Given information START

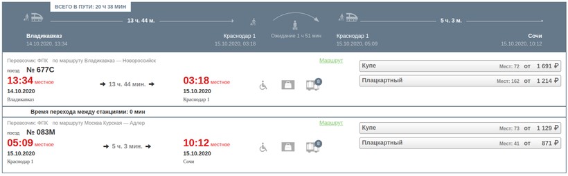 В качестве альтернативы предлагаю рассмотреть вариант с пересадкой. Выбирайте его только в случае крайней необходимости, путешествие через транзитный город не так комфортно, как на прямом поезде. Среди минусов — пересаживаться нужно ночью, поездка займет на несколько часов больше (20,5 часа). Преимущество — уехать можно в дни, когда нет прямого рейса. Добраться до Сочи можно, сделав пересадку в Краснодаре. Выезд из Владикавказа (в 13:34) на поезде № 677С, прибытие в Краснодар через 13 часов 44 минуты — в 03:18. Состав курсирует только по четным датам.
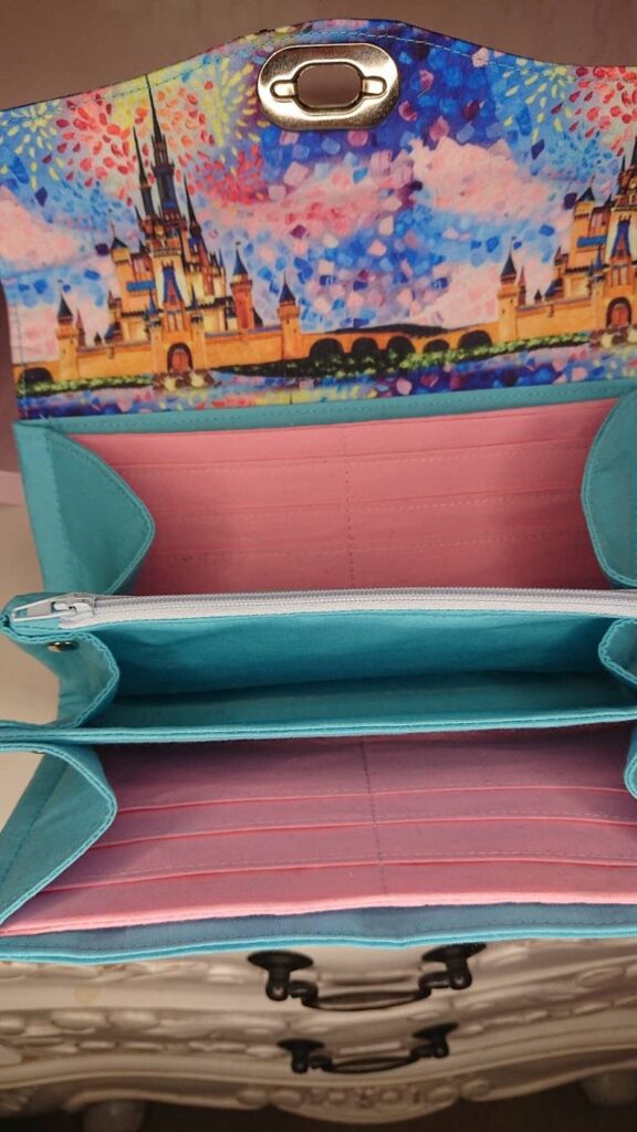 Home is where the castle is! You’ll feel at home wherever you go when you carry this Disney Castle inspired wallet. The pink and blue interior lining totally reminds of the Make It Pink, Make It Blue scene from Sleeping Beauty too!
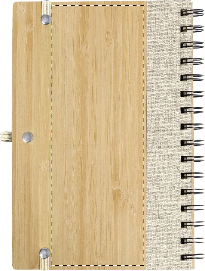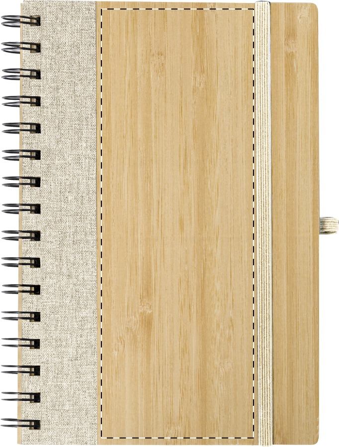 Quaderno a spirale formato A5, con 80 pagine a righe in carta kraft riciclata, copertina in bambù e poliestere RPET, elastico in gomma e porta penna.
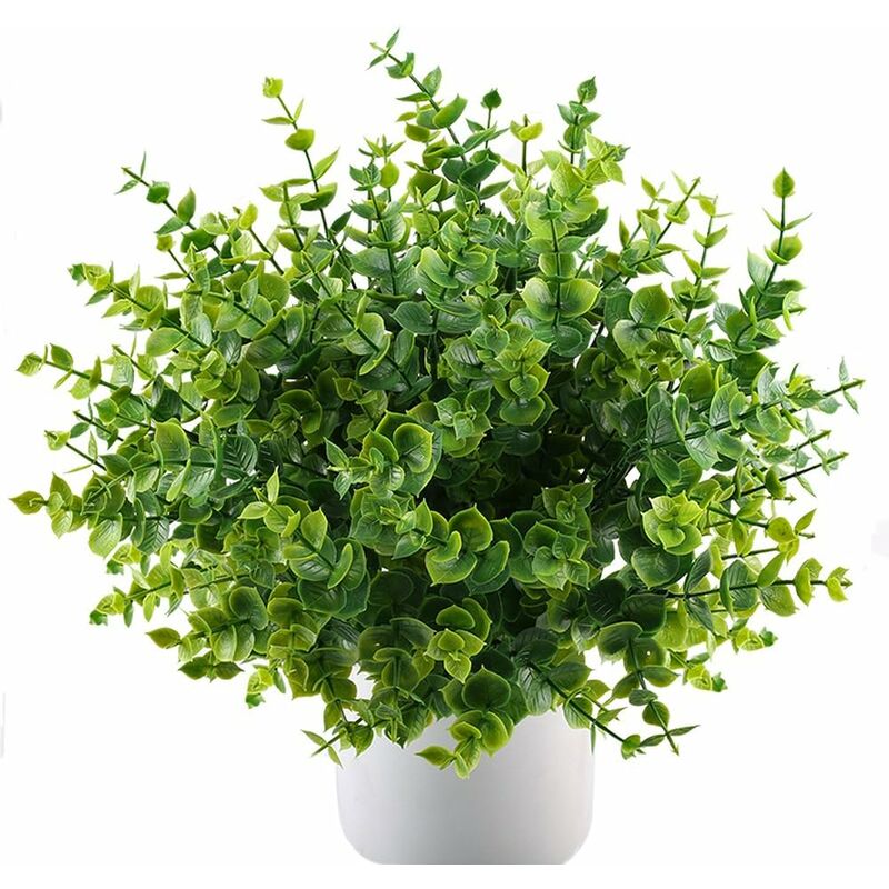 La pianta di eucalipto artificiale è realizzata in plastica morbida, può piegarsi e facilmente rimodellare, le splendide foglie verdi artificiali non sbiadiscono e non cadono nel tempo. Le piante di plastica finta sono impermeabili e resistenti ai raggi UV per uso esterno, perfettamente verde brillante tutto l'anno e completamente esente da manutenzione. Le foglie artificiali degli arbusti aggiungono un gradito tocco di colore per te e facili da organizzare per creare un'esposizione accattivante. pCespugli artificiali ideali per esporre una fioriera, o da mettere in un vaso da aggiungere a casa, all'aperto, in ufficio, in cucina, davanzale, per matrimoni o per riempire un vecchio barattolo. L'arrivo include 2 mazzi di piante finte artigianali e ognuna ha 7 piante artificiali, lunghezza totale circa 34 cm, vaso largo natura: circa 16,5 cm (non incluso).

Given information END

▶ _Exercise description_: Word for word, restate all of the data, but do not copy the pictures.

▶ _Answer to this problem_:
 В качестве альтернативы предлагаю рассмотреть вариант с пересадкой. Выбирайте его только в случае крайней необходимости, путешествие через транзитный город не так комфортно, как на прямом поезде. Среди минусов — пересаживаться нужно ночью, поездка займет на несколько часов больше (20,5 часа). Преимущество — уехать можно в дни, когда нет прямого рейса. Добраться до Сочи можно, сделав пересадку в Краснодаре. Выезд из Владикавказа (в 13:34) на поезде № 677С, прибытие в Краснодар через 13 часов 44 минуты — в 03:18. Состав курсирует только по четным датам.
 Home is where the castle is! You’ll feel at home wherever you go when you carry this Disney Castle inspired wallet. The pink and blue interior lining totally reminds of the Make It Pink, Make It Blue scene from Sleeping Beauty too!
 Quaderno a spirale formato A5, con 80 pagine a righe in carta kraft riciclata, copertina in bambù e poliestere RPET, elastico in gomma e porta penna.
 La pianta di eucalipto artificiale è realizzata in plastica morbida, può piegarsi e facilmente rimodellare, le splendide foglie verdi artificiali non sbiadiscono e non cadono nel tempo. Le piante di plastica finta sono impermeabili e resistenti ai raggi UV per uso esterno, perfettamente verde brillante tutto l'anno e completamente esente da manutenzione. Le foglie artificiali degli arbusti aggiungono un gradito tocco di colore per te e facili da organizzare per creare un'esposizione accattivante. pCespugli artificiali ideali per esporre una fioriera, o da mettere in un vaso da aggiungere a casa, all'aperto, in ufficio, in cucina, davanzale, per matrimoni o per riempire un vecchio barattolo. L'arrivo include 2 mazzi di piante finte artigianali e ognuna ha 7 piante artificiali, lunghezza totale circa 34 cm, vaso largo natura: circa 16,5 cm (non incluso).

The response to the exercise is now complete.